Por José Francisco Rodríguez, Presidente de Revista Capital.

Una de las consecuencias del nuevo escenario que ha creado la Covid-19 para las empresas ha sido una importante desaceleración, de manera general, en sus economías. El debate entre salud y economía ya pertenece al pasado, pero ha dejado una nueva realidad entre nosotros en la que la digitalización acelerada que se ha producido estos meses no ha hecho más que empezar. A ninguno se nos escapa que no estamos hablando solamente de tecnología, todo lo contrario, estamos hablando de nuevos modelos de negocio, de nuevos comportamientos de compra e incluso de nuevas necesidades.

En esta nueva realidad, y según un reciente estudio, en la actualidad el 80% de las empresas manifiesta estar dedicando mayores esfuerzos a la adaptación al contexto de la pandemia. No me sorprende, es una cuestión de pura supervivencia. Pero quizás sí llame más la atención que el 61% de las respuestas pone el foco en la digitalización.

En esta área se concentrará una parte importante de los recursos de las empresas en los próximos años, y marcarán la agenda de las prioridades. También debemos llamar la atención sobre el efecto que puede tener este nuevo escenario tanto en la innovación como en la competitividad. Y, por ende, en las oportunidades que debemos crear a partir de ahora, entre otros, para los miles de jóvenes desempleados, un colectivo que tiene como misión el relevo generacional.
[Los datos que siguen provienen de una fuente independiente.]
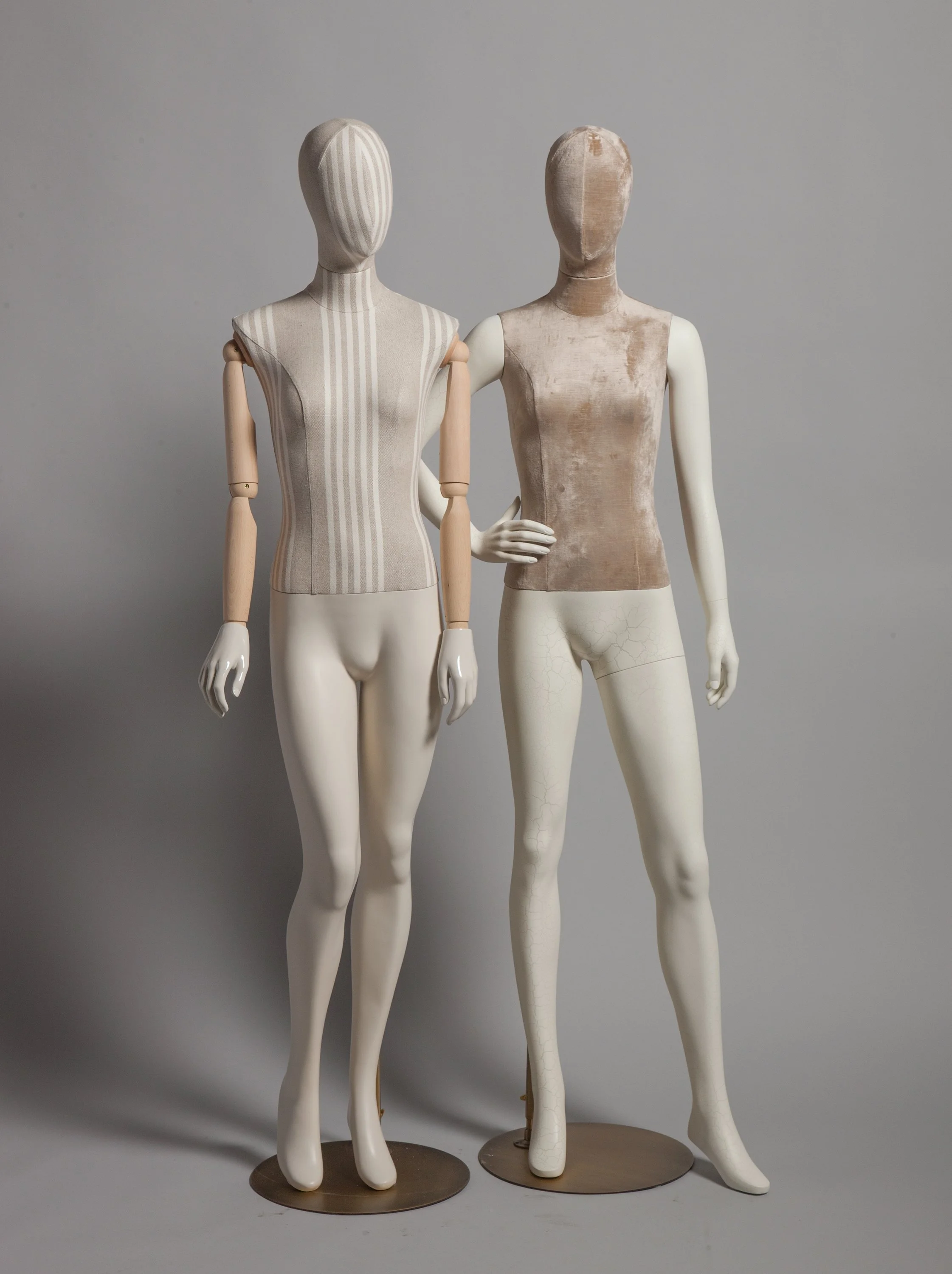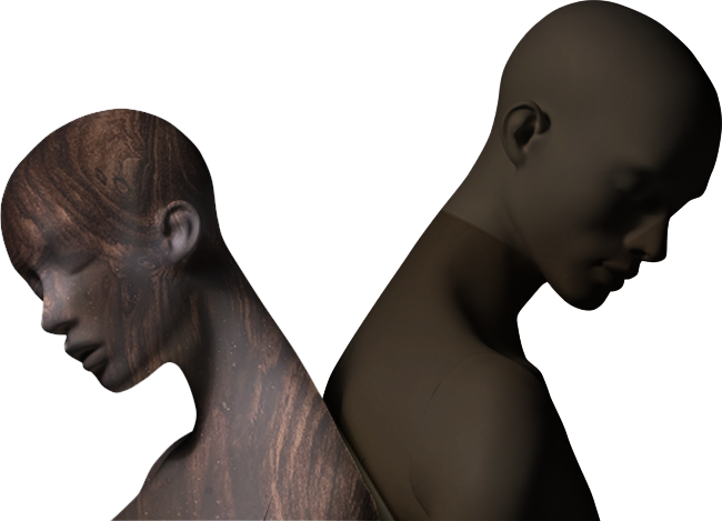 Custom finishes were chosen in this case study to provide an alternative retail merchandising opportunity. The subject of race and skin tone have re-entered the mannequin market and the state of current events. Clients, Adidas x Kohl’s, collaborated on an Adidas display that would reside inside Kohl’s box stores. The concept of shifting skin tones into tonally matched natural finishes (such as: stone, wood, etc) was introduced.

Por tanto, resulta imprescindible su capacitación en las nuevas disciplinas relacionadas con la digitalización. De hecho, el Gobierno, en sus planes a largo plazo, quiere reducir la tasa de paro hasta el 7% antes de mediados de siglo. El punto de partida es que somos el estado miembro de la UE con el mayor desempleo juvenil en la actualidad, con un 37,7%.

La pandemia nos va a dejar un reguero de graves secuelas en el empleo en general, con un impacto alto en los jóvenes, como ya he mencionado anteriormente y cambios en el tejido empresarial. Además, asistiremos a nuevos comportamientos estructurales en el consumo que pueden convertirse en duraderos, y quiero destacar dos áreas claves de desarrollo, algunas de las cuales ya mencionaba recientemente el Banco de España, para apoyar el desarrollo y el proceso de digitalización.

Me refiero a la apuesta por el capital humano y la tecnología, con las políticas de empleo y formación. Ambas actuaciones tienen una clara dependencia de una adaptación del sistema tributario, y no desde la perspectiva recaudatoria, sino del impulso económico. Entre otros aspectos, se hace necesaria una revisión en profundidad a los incentivos fiscales a I+D, a la formación y a todo lo relacionado con el desarrollo profesional desde la empresa. E, insisto, especialmente en las pymes.

No olvidemos, además, que, en España, las pymes tienen un peso en la economía muy superior al de otros países europeos y, por tanto, es imprescindible priorizar estrategias que pongan foco en estas empresas. Estamos hablando de que en España hay 1,3 millones de pymes con asalariados en la actualidad, y, por tanto, un importante potencial de creación de empleo también juvenil, con los estímulos adecuados.

El tiempo de cambio ha llegado para quedarse. Nuevos desafíos van a marcar la realidad de los próximos meses, y muchos van a venir impulsados por un cambio en el uso y costumbres de los consumidores.